• **Requirement**: Copy, please, the line with "Tentproinc RV Awning" and each line that follows it through the end of the data below, exactly as given and without pictures.

• **Source data**:
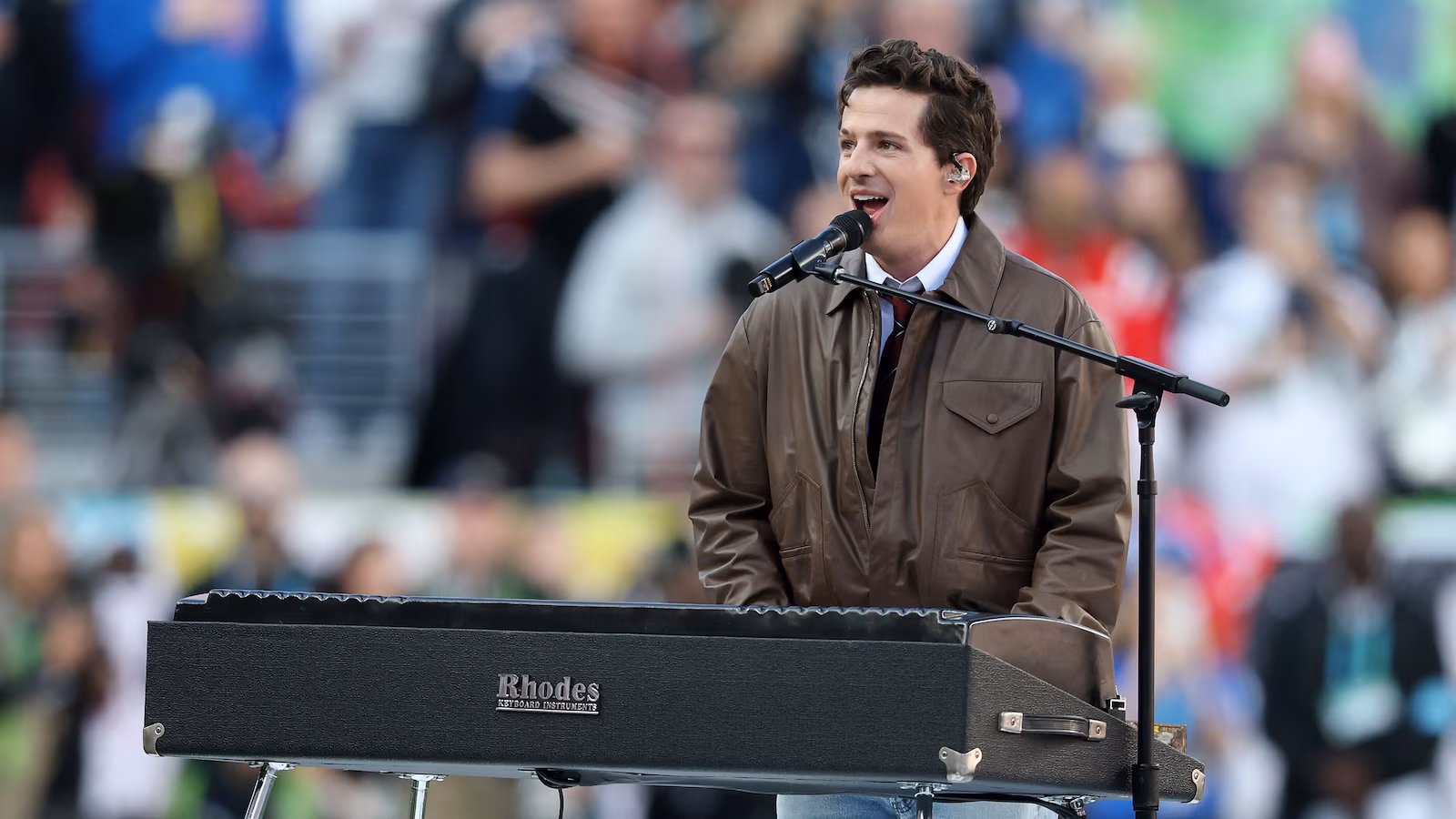 Charlie Puth performs the national anthem during pregame activities before Super Bowl 60 in Santa Clara, Calif., February 8, 2026.
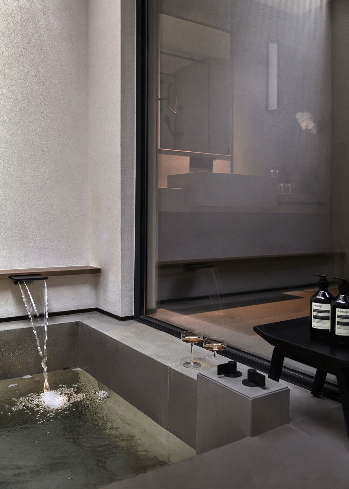 A sunken pool open to the sky’s light, a cup of thin wine, at ease. From the courtyard to the bedroom to the collection, the space progresses from outside to inside and from inside to out.
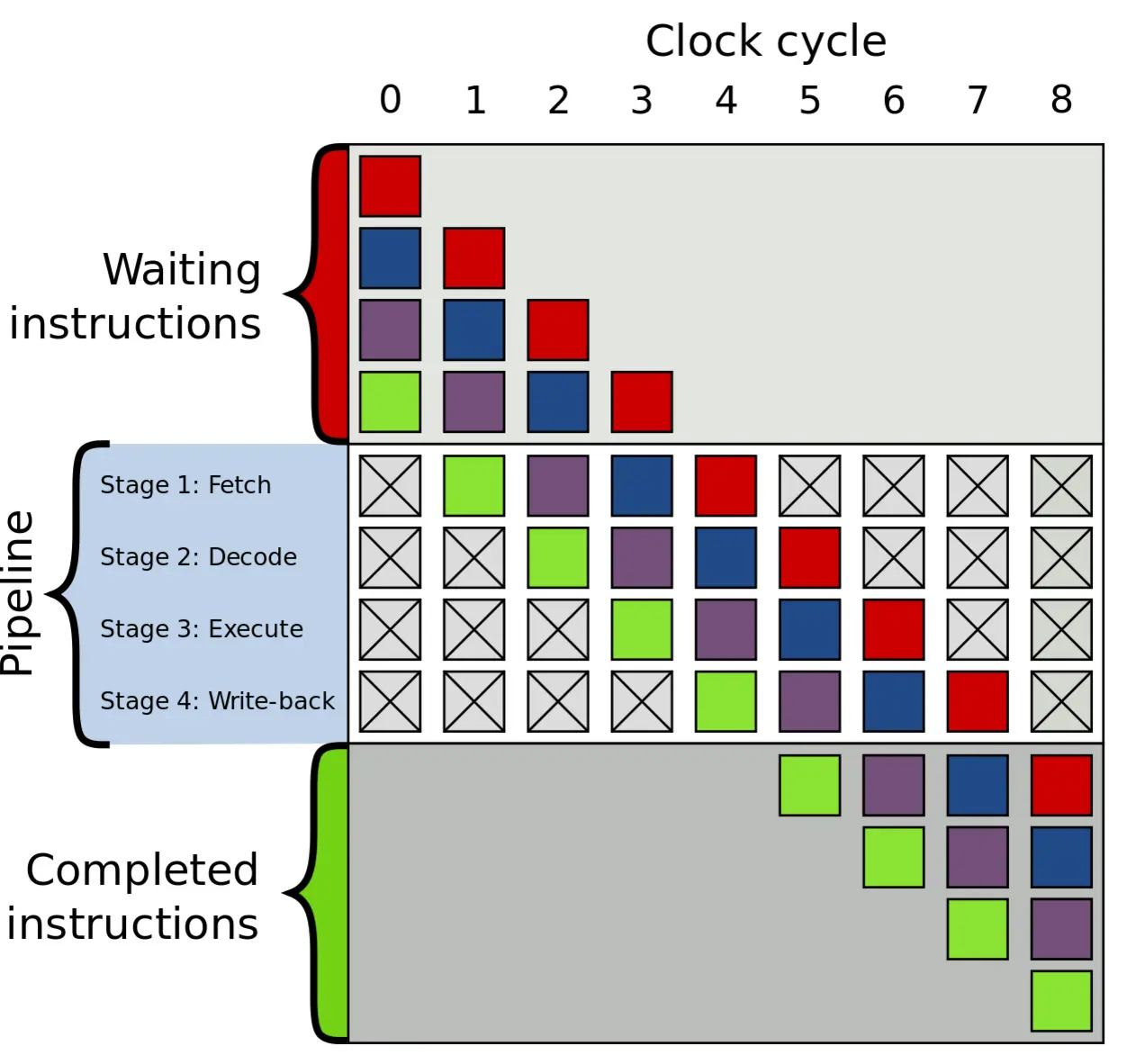 CPU的指令周期通常为取指令、解析指令读取数据、执行指令、数据写回寄存器或内存。串行执行指令时其中的读取存储数据部分占用时间较长,所以CPU普遍采取指令流水线的方式同时执行多个指令, 提高整体吞吐率,就像工厂流水线一样。
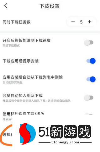 5、在下载设置界面,找到并且点击“选择存储路径”选项。
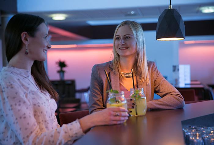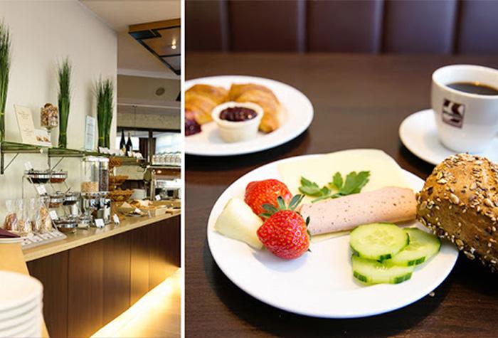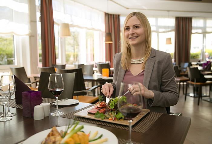 Morgens erwartet Sie im Hotel ein reichhaltiges Frühstücksbuffet. Freuen Sie sich mittags und abends auf internationale Gerichte und erlesene Weine im hauseigenen Junkers Restaurant. Genießen Sie diese im Sommer auch auf der Terrasse mit Grillbereich. Sie haben Zugang zur 24-h geöffneten Bar oder entspannen in der Bibliothek mit Kamin.
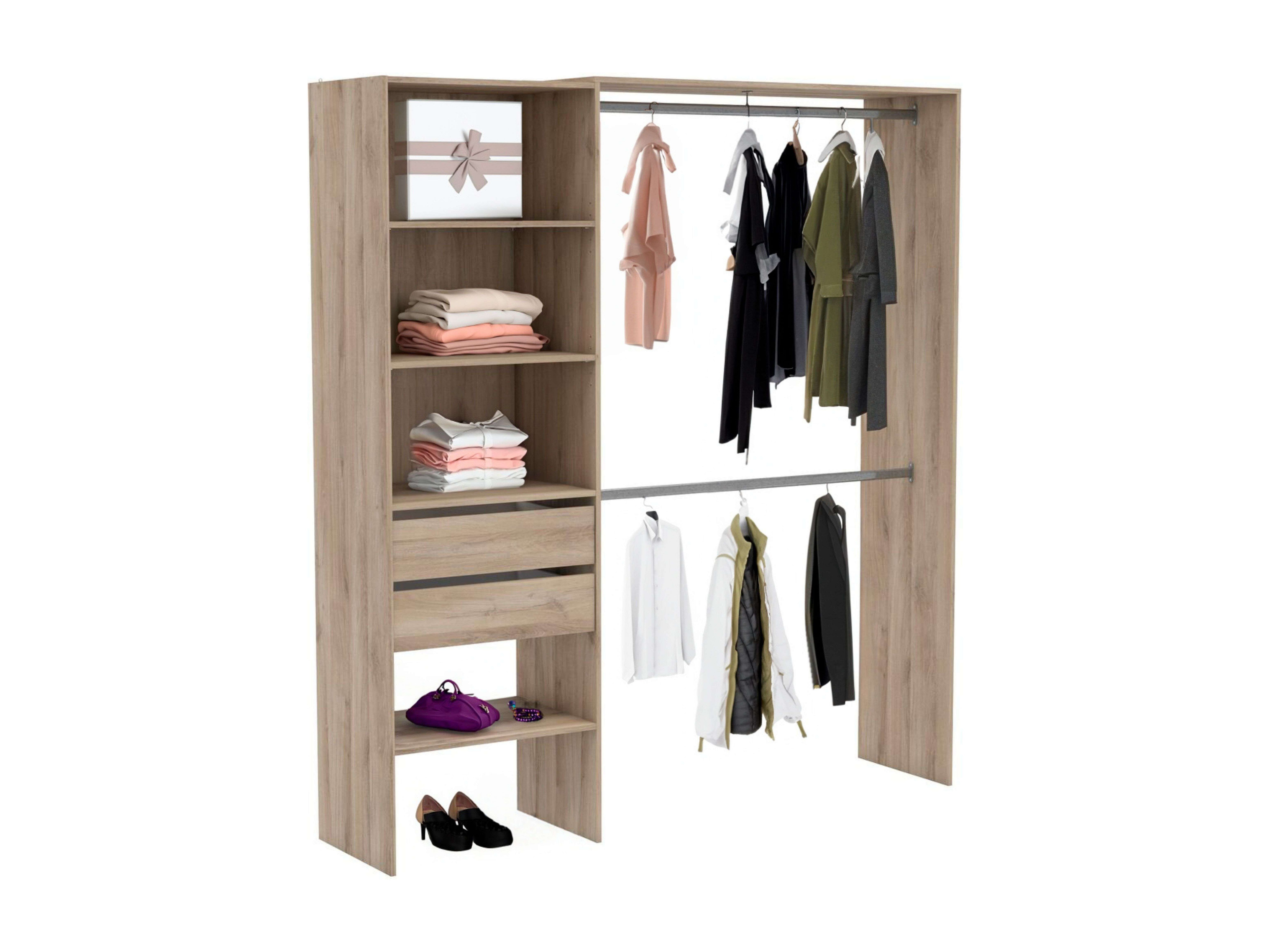 Vestidor Abierto Diego 2 Cajones 8 Estantes 2 Barras Roble 182 cm
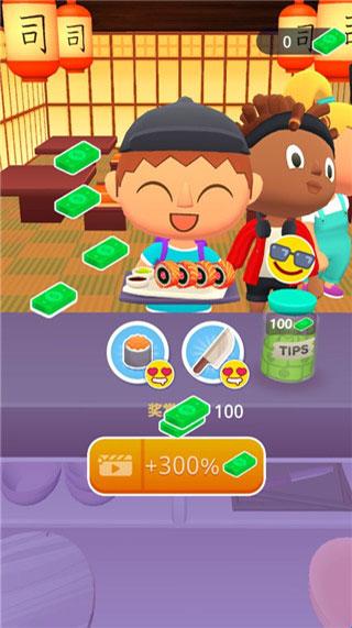 4、制作完成送上美味寿司可获得奖励,点击笑脸表情包还可获得额外奖励;
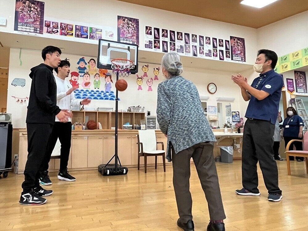 「イマドキシニア」プロジェクトが始まった当初から、コロナ禍に直面しながらも、屋外やオンラインでの「そよ風」を利用するお客さまと選手の交流や、スポーツ要素を取り入れた機能訓練プログラムの開発に取り組んできました。現在は定期的に「そよ風」の施設内で選手との交流イベントを開催し、試合観戦やライブビューイングなど、さまざまな形でスポーツを楽しんでいます。これにより、スポーツやチームに興味を持っていなかった方々が、推しの選手を応援し、楽しんでいる姿が増えました。
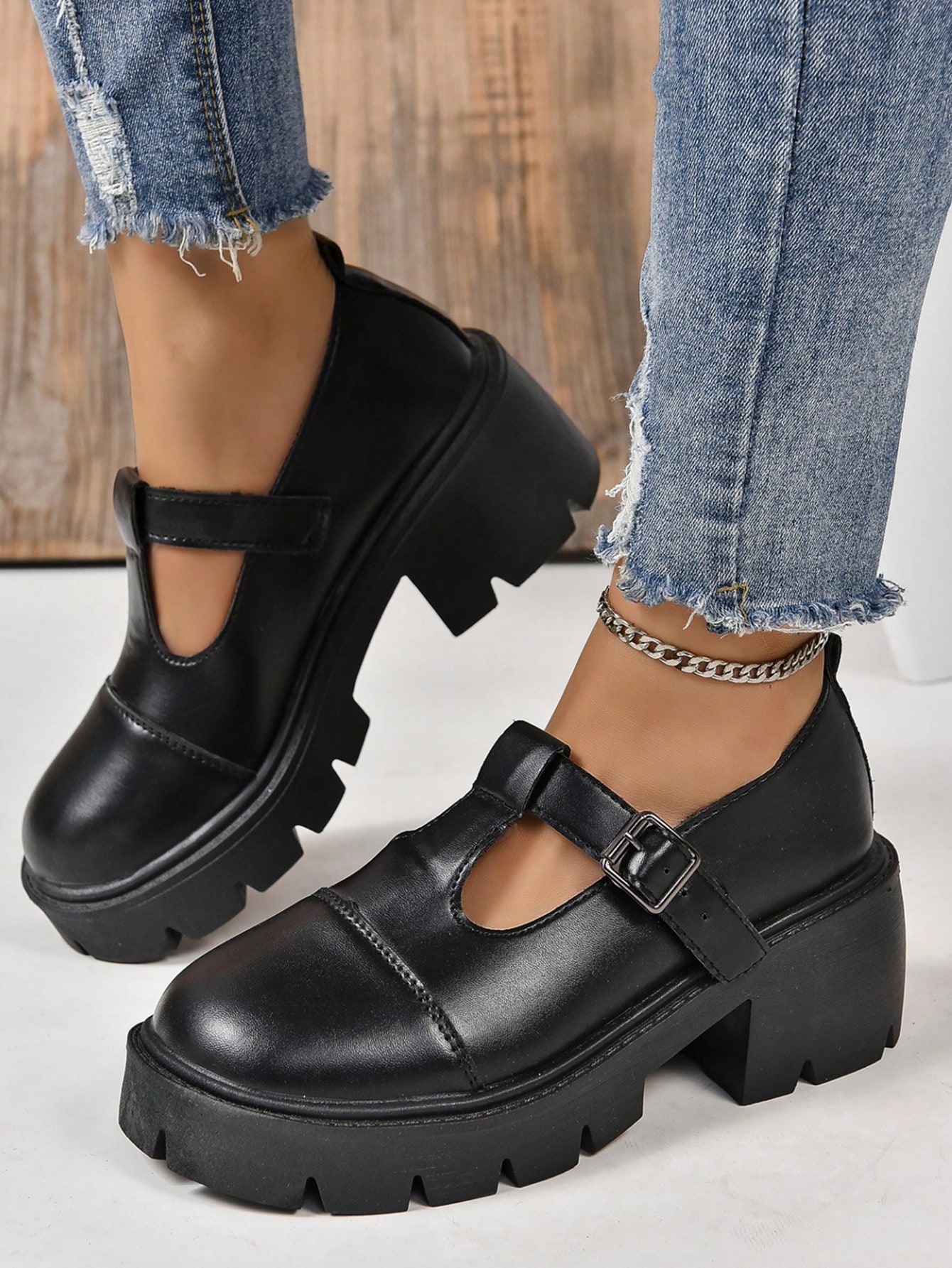Goth Women's 2023 New Round Toe Black College Style T-Strap Wedge & Thick Sole Shoes
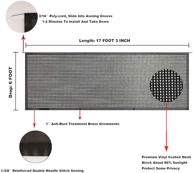 Tentproinc RV Awning Sun Shade Screen 6' X 17' 3'' (Fit for 18' Awning) Mesh Sunshade for RV Awning Sunscreen Camping Trailer Motorhome Awning Shade Screen - 3 Year Warranty (Black)
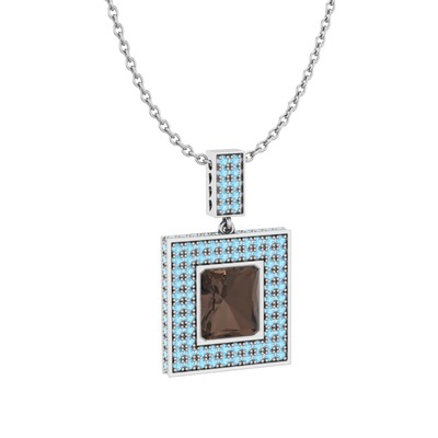 Dumanlı kuvars ve akuamarin 14 ayar beyaz altın kolye (40 cm beyaz altın rolo zincir)
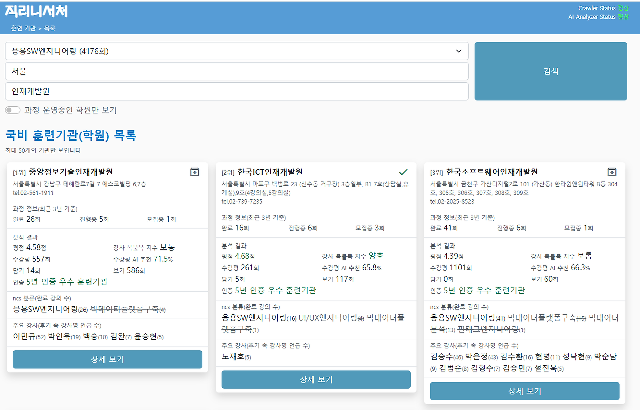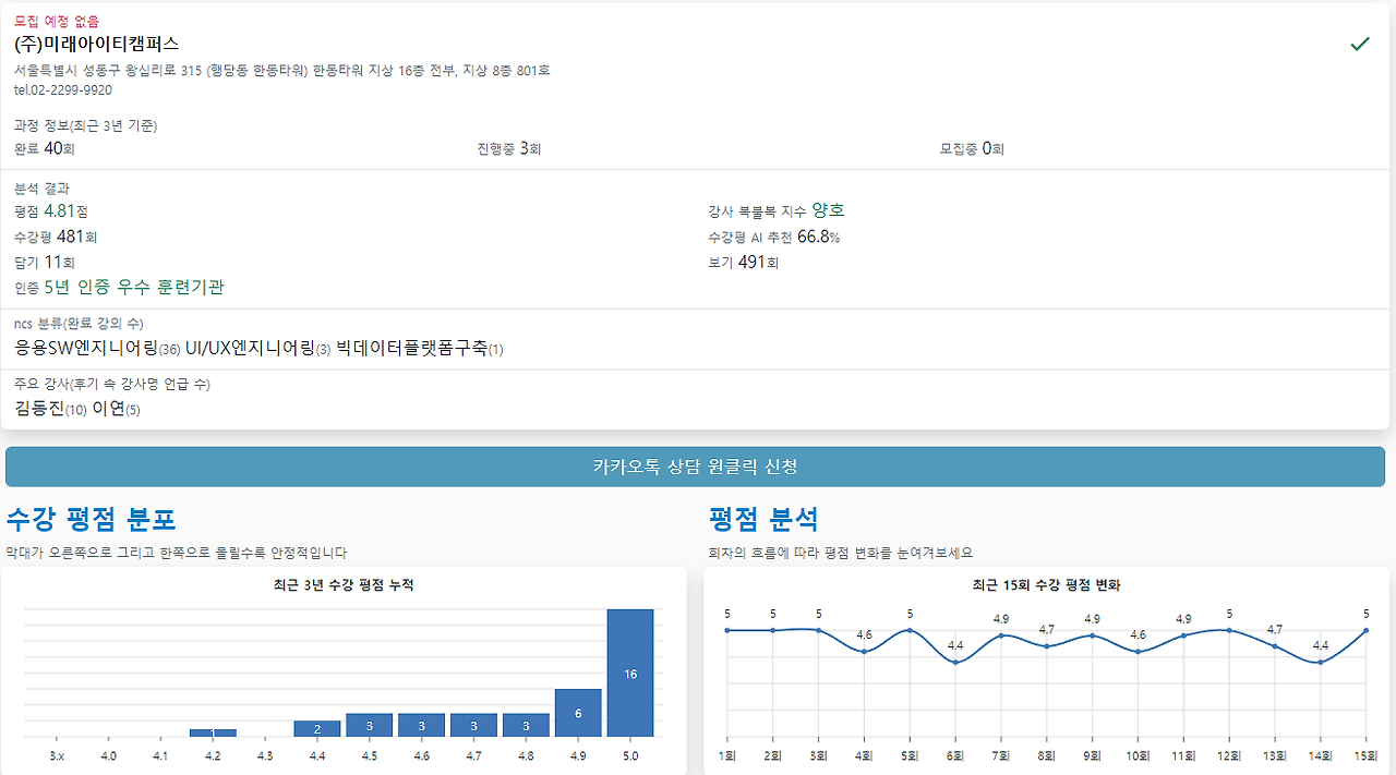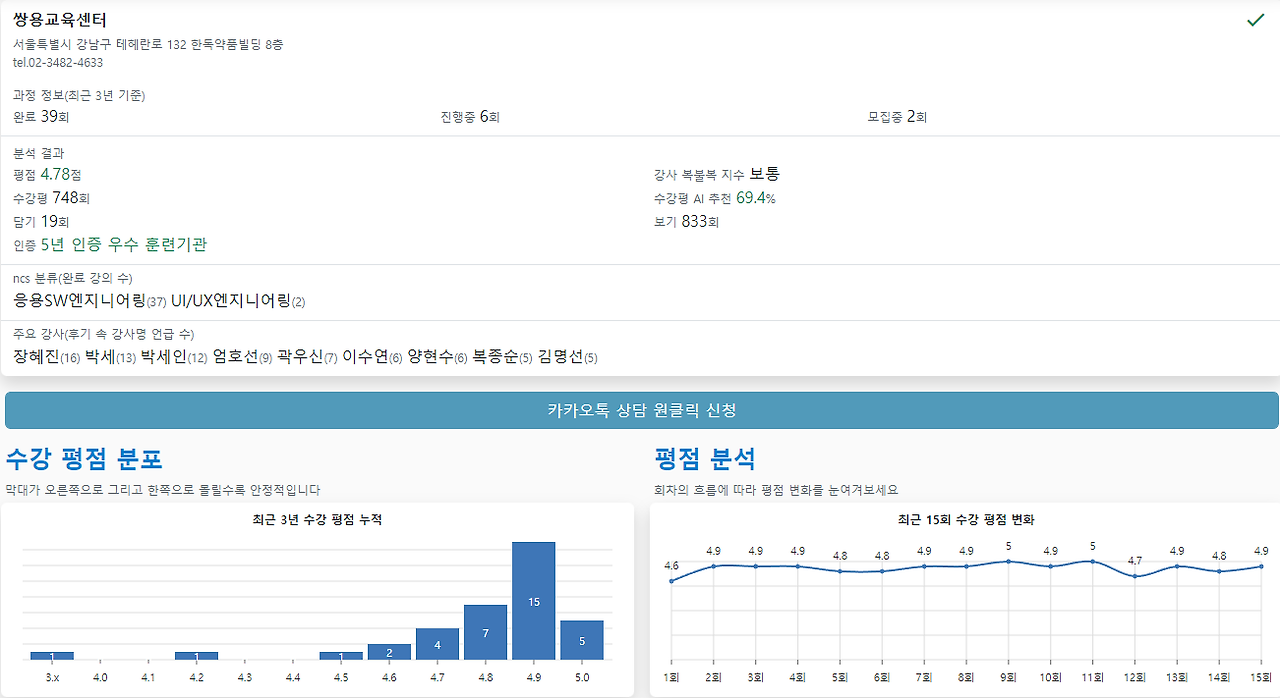 hrd net에 나온 데이터를 기반으로 해서 ai분석을 돌려 각각 수강생 후기, 강사 추천도, 수업 횟수 등과 함께 종합평점을 기록한 것이다.

• **Answer**:
 Tentproinc RV Awning Sun Shade Screen 6' X 17' 3'' (Fit for 18' Awning) Mesh Sunshade for RV Awning Sunscreen Camping Trailer Motorhome Awning Shade Screen - 3 Year Warranty (Black)
 Dumanlı kuvars ve akuamarin 14 ayar beyaz altın kolye (40 cm beyaz altın rolo zincir)
 hrd net에 나온 데이터를 기반으로 해서 ai분석을 돌려 각각 수강생 후기, 강사 추천도, 수업 횟수 등과 함께 종합평점을 기록한 것이다.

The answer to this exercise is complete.